_Problem to work on_
Your answer must be an exact copy of the lines below, from the first through the one with "Штепсельная колодка NE-AD", with no pictures.
====== Records provided
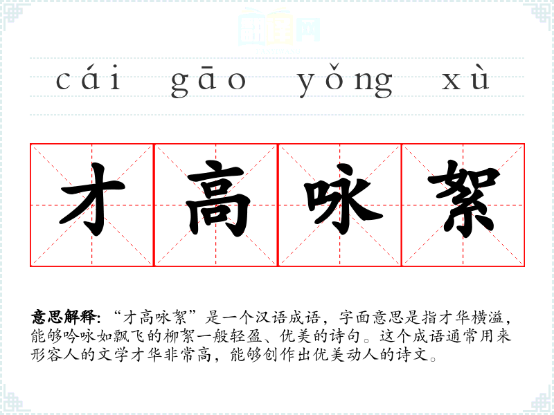 “才高咏絮”这个成语的来源并不明确,但它显然是受到**古代文学中对才华和诗意的赞美传统的影响。在古代文学作品中,经常可以看到对诗人或文人才华的赞美,这种赞美逐渐形成了固定的表达方式,如“才高咏絮”。
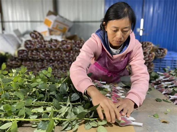 來到村里鮮切花分級的場地,村民們熟練地分揀、包裝著玫瑰花。正在包裝玫瑰花的李春燕告訴記者:“我們一天到這里打工有一百多元的收入,就近打工也比較方便?!?br />
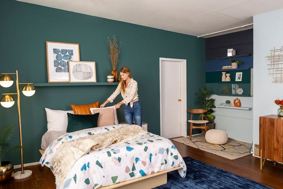 We’ll be the first to admit it — the idea of throwing a dark color on the wall can seem slightly overwhelming. Will it make the room feel dark? Will it make it feel smaller? How do those swoon-worthy interior designers pull it off anyway? The answer: bright textiles and minimalist decor that allow for breathing room and for even the deepest of hues to really shine. For our next room transformation, we teamed up with Sherwin-Williams to create a space fit for a bold, jet-setting Enthusiast.
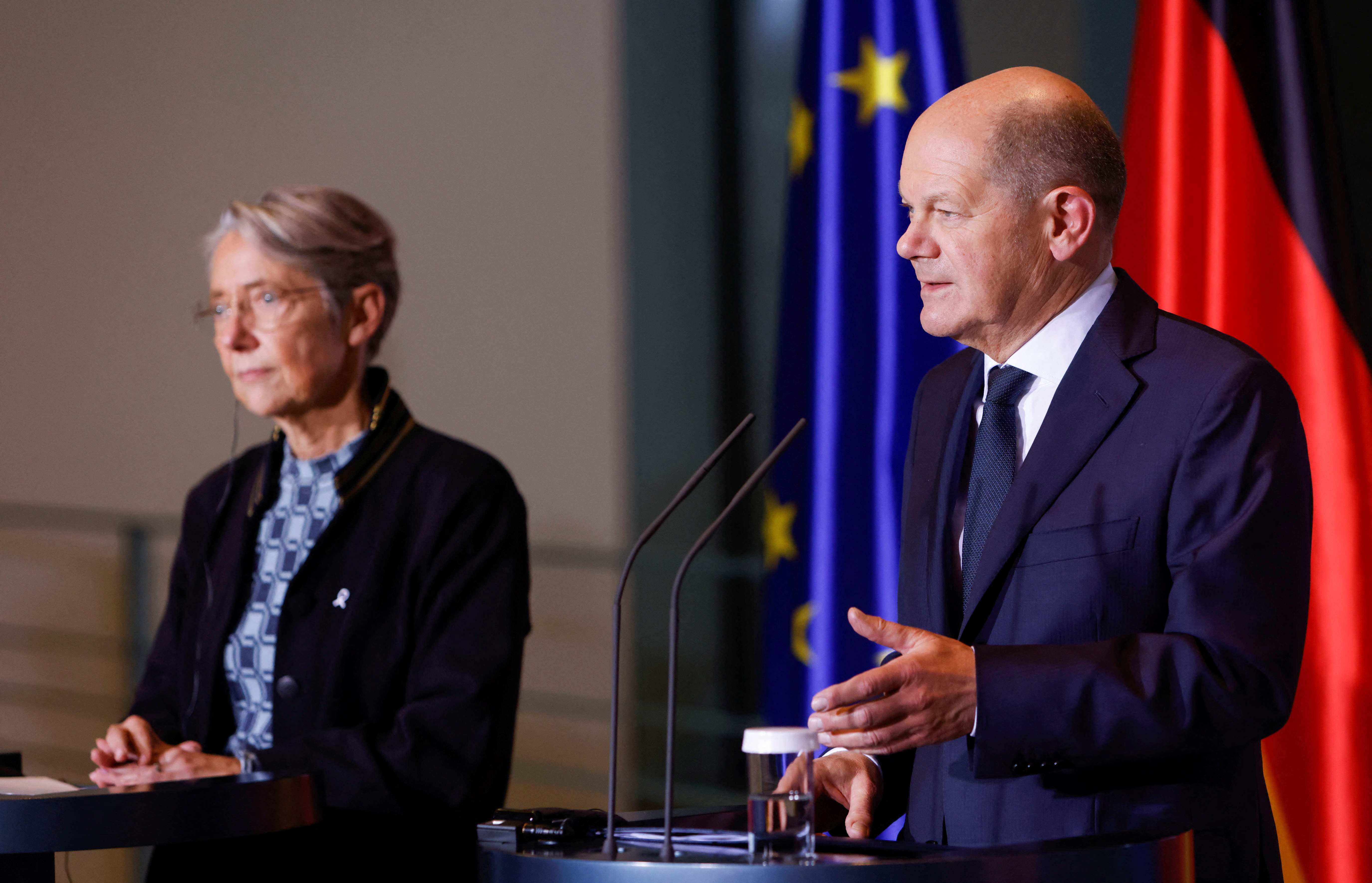 «Οι εταιρείες που εμπλέκονται στην από κοινού ανάπτυξη του ευρωπαϊκού μαχητικού αεροσκάφους επόμενης γενιάς με το όνομα FCAS έχουν συμφωνήσει για το πώς να προχωρήσουν», δήλωσε σήμερα Παρασκευή η πρωθυπουργός της Γαλλίας, Ελίζαμπεθ Μπορν, σε κοινή συνέντευξη Τύπου με τον Γερμανό Καγκελάριο Όλαφ Σολτς.
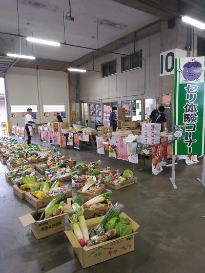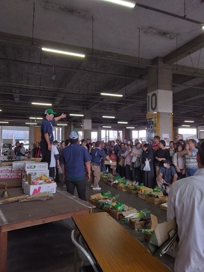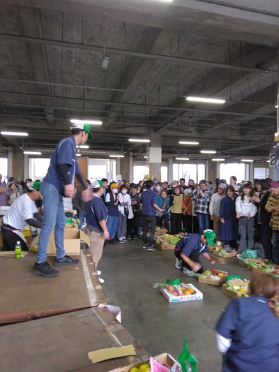 野菜模擬せりでは野菜釣り同様に準備で忙しく
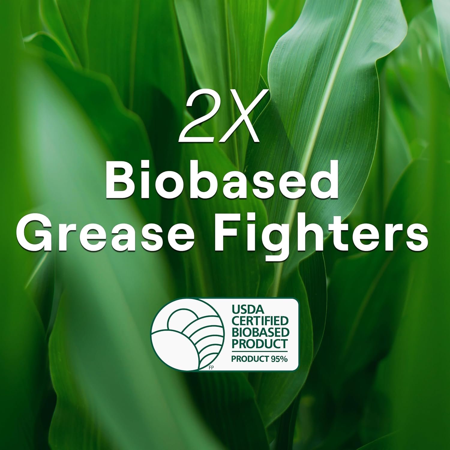Plant-based formula liquid soap fights grease and powers through tough, dried-on food
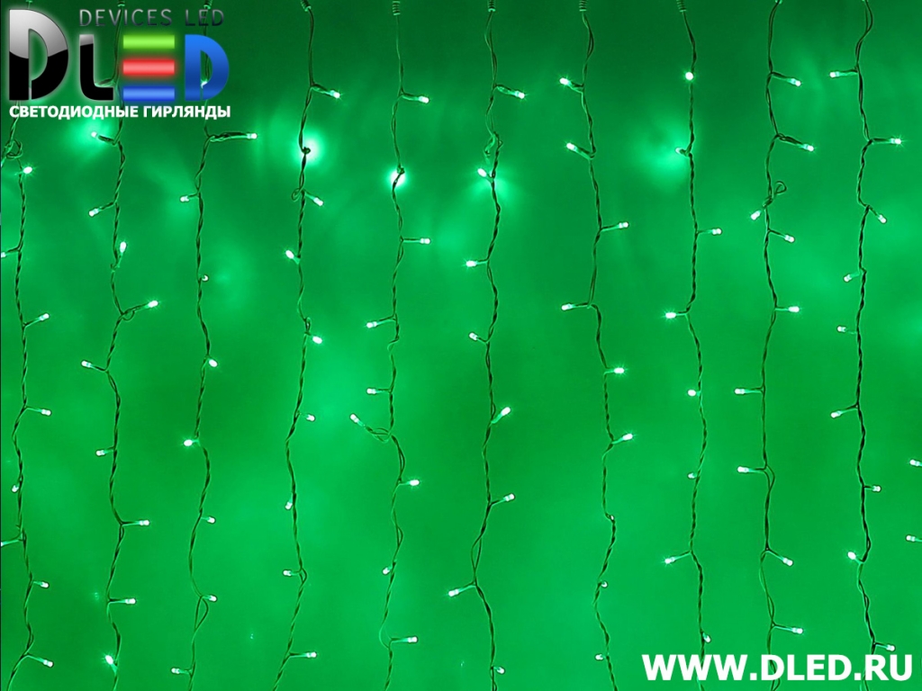 Гирлянда наружная "Занавес" 2 х 3 м 760Led, фиксинг, нить белая, Зеленый
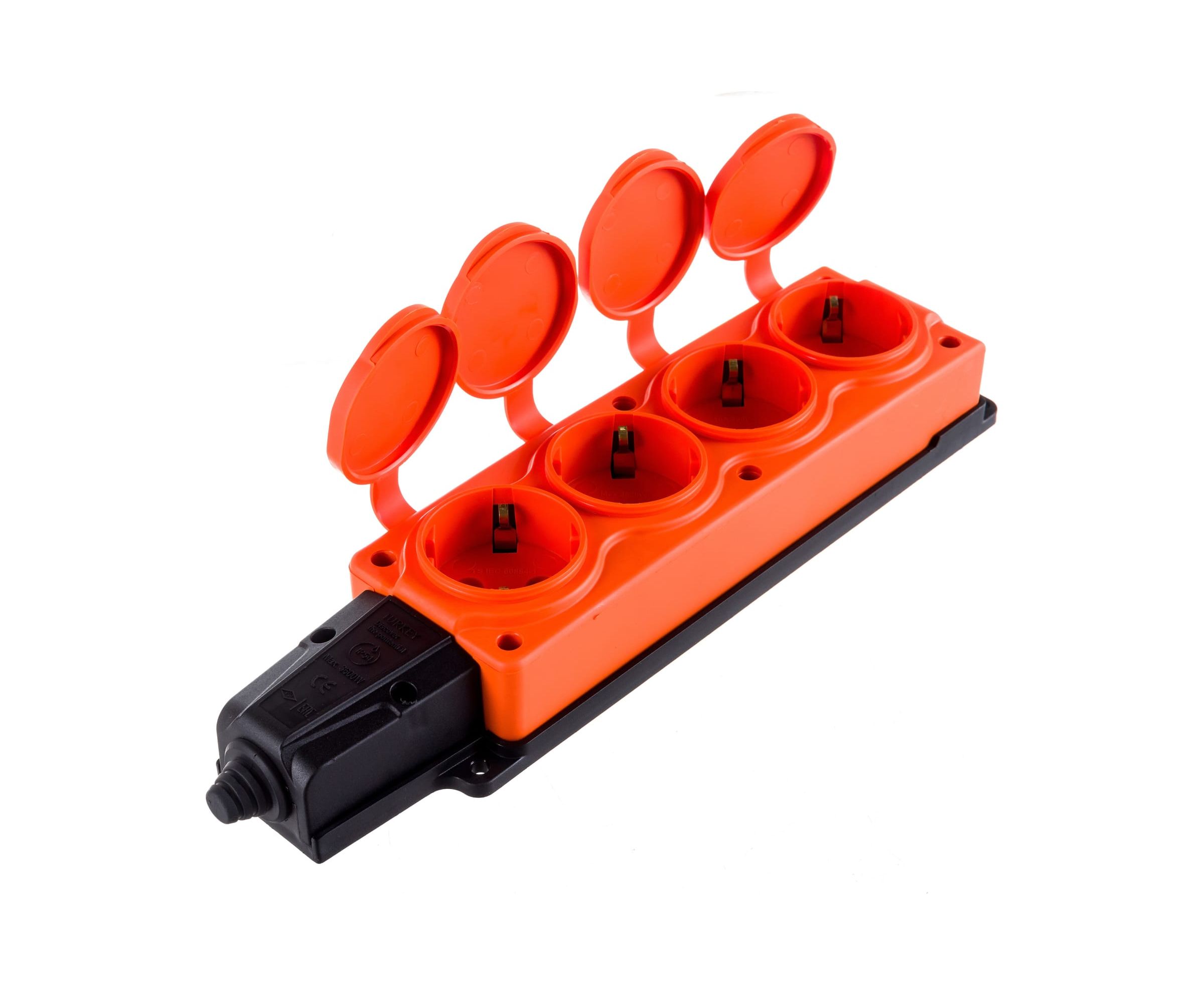 Штепсельная колодка NE-AD 4-гнезда с крышкой, с заземлением, 16А, IP54 каучук, Оранжевый 4114 служит для присоединения к сети электропитания различных бытовых электроприборов мощностью до 3,5 кВт. Одновременное подключение до четырёх единиц силового оборудования. Изделие предназначено для эксплуатации в суровых условиях - на открытом воздухе или во влажных или запыленных помещениях. Применяется на строительных площадках, в производственных цехах, в быту. Состав: эластомер, полиамид, электротехнический сплав.
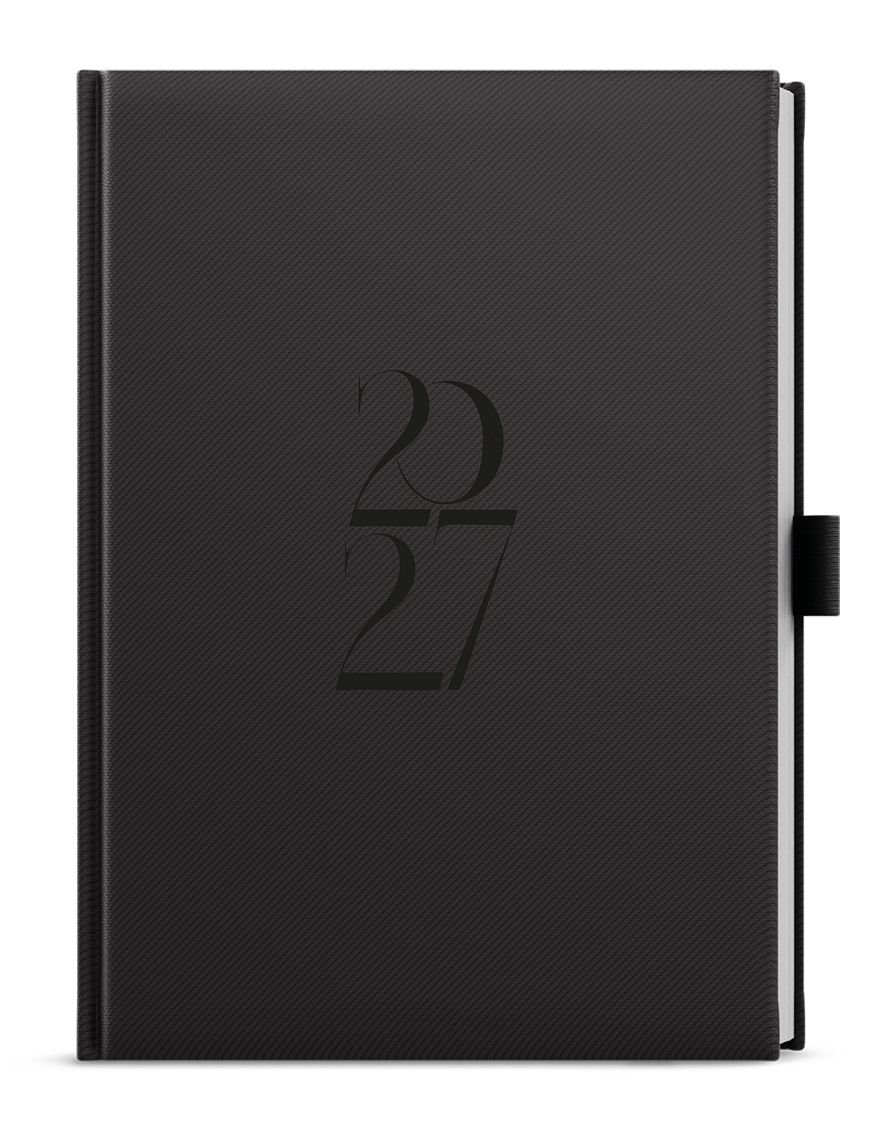 Týdenní diář z jemně strukturovaného materiálu a poutkem na tužku je vyráběný ve formátu A5 s prostorem pro plánování a poznámky.
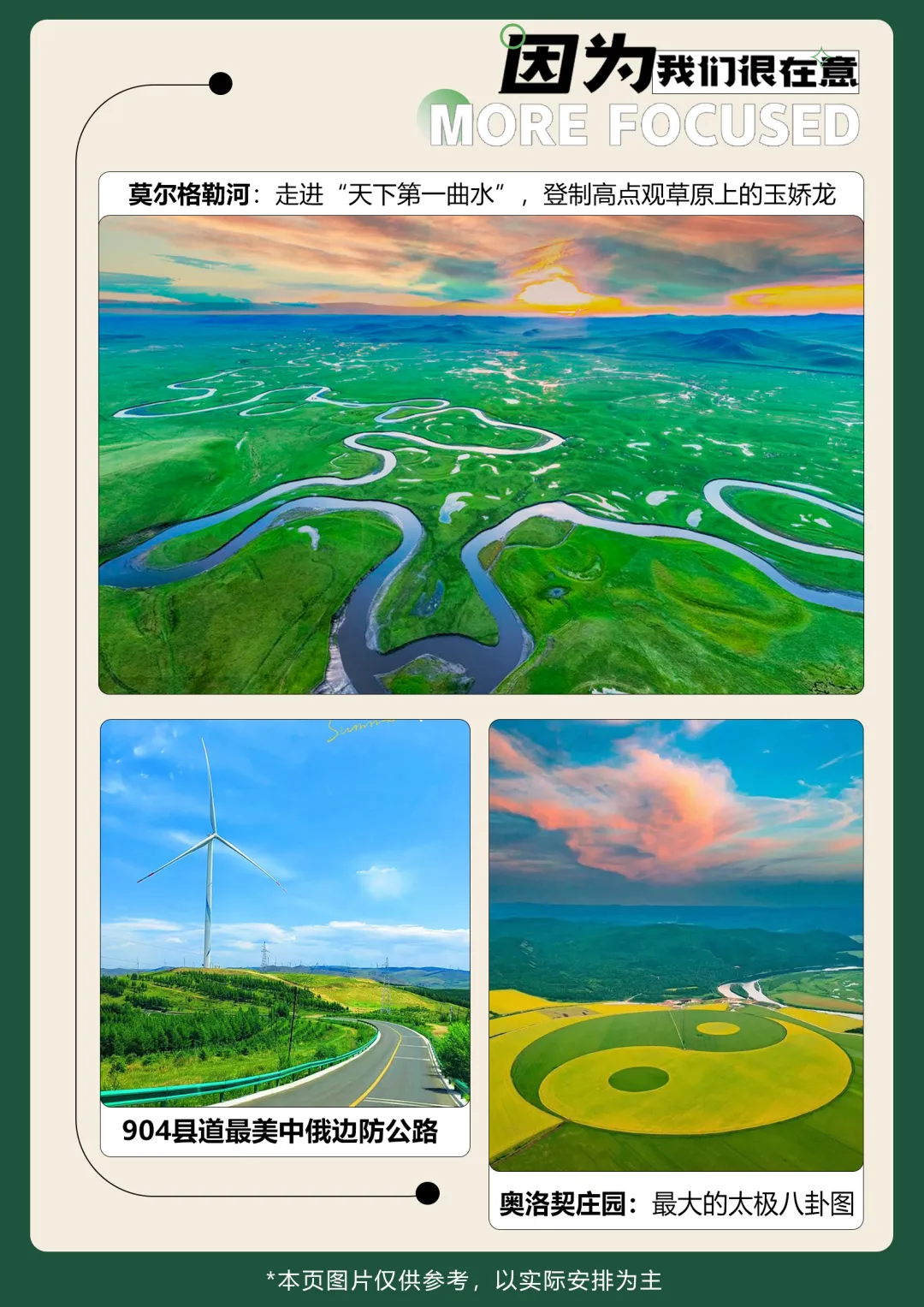 【中俄界河:奥洛契庄园】(已含门票,不含电瓶车15元/人景区内客人按规定时间自行浏览)在中国北方俄罗斯边陲,有个一眼望不到尽头的私家花园——奥洛契庄园,这里三面被俄罗斯环抱, 是北纬51度的最佳摄影天堂,更是花的海洋。(几乎每隔十天就有新的花开放,不同季节可以欣赏到不同美景)各种鲜花肆无忌惮的开放,静享清新空气、阳光雨露和美丽花海。【世界最大色彩太极八卦图】+【阳光花屋】+【VR眼镜体验】+【植物科普园】+【锦绣中华】(儿童游乐场)+【中俄界石】+【玻璃栈道】+【植物迷宫】。 穿越草原【 “颜色炫丽”吉普勇士越野车穿越“牧二代”私家营地(活动已含)】越野车穿越平整的草原像绿油油的地毯,远处山峦起伏,朵朵白云山边飘来,走一段不平凡的路,感受草原深度风光。【天空之境(赠送)】用动作和热情远离喧嚣,放飞心灵,真实的将自己融进这一片碧绿草场中,邂逅镜像中的草原大片。【网红打卡区(赠送)】一切美好的事情都是从网红打卡开始,这里有网红天梯、草原千古情、天使之翼等打卡点。
============
_Exercise response_
 “才高咏絮”这个成语的来源并不明确,但它显然是受到**古代文学中对才华和诗意的赞美传统的影响。在古代文学作品中,经常可以看到对诗人或文人才华的赞美,这种赞美逐渐形成了固定的表达方式,如“才高咏絮”。
 來到村里鮮切花分級的場地,村民們熟練地分揀、包裝著玫瑰花。正在包裝玫瑰花的李春燕告訴記者:“我們一天到這里打工有一百多元的收入,就近打工也比較方便?!?br />
 We’ll be the first to admit it — the idea of throwing a dark color on the wall can seem slightly overwhelming. Will it make the room feel dark? Will it make it feel smaller? How do those swoon-worthy interior designers pull it off anyway? The answer: bright textiles and minimalist decor that allow for breathing room and for even the deepest of hues to really shine. For our next room transformation, we teamed up with Sherwin-Williams to create a space fit for a bold, jet-setting Enthusiast.
 «Οι εταιρείες που εμπλέκονται στην από κοινού ανάπτυξη του ευρωπαϊκού μαχητικού αεροσκάφους επόμενης γενιάς με το όνομα FCAS έχουν συμφωνήσει για το πώς να προχωρήσουν», δήλωσε σήμερα Παρασκευή η πρωθυπουργός της Γαλλίας, Ελίζαμπεθ Μπορν, σε κοινή συνέντευξη Τύπου με τον Γερμανό Καγκελάριο Όλαφ Σολτς.
 野菜模擬せりでは野菜釣り同様に準備で忙しく
Plant-based formula liquid soap fights grease and powers through tough, dried-on food
 Гирлянда наружная "Занавес" 2 х 3 м 760Led, фиксинг, нить белая, Зеленый
 Штепсельная колодка NE-AD 4-гнезда с крышкой, с заземлением, 16А, IP54 каучук, Оранжевый 4114 служит для присоединения к сети электропитания различных бытовых электроприборов мощностью до 3,5 кВт. Одновременное подключение до четырёх единиц силового оборудования. Изделие предназначено для эксплуатации в суровых условиях - на открытом воздухе или во влажных или запыленных помещениях. Применяется на строительных площадках, в производственных цехах, в быту. Состав: эластомер, полиамид, электротехнический сплав.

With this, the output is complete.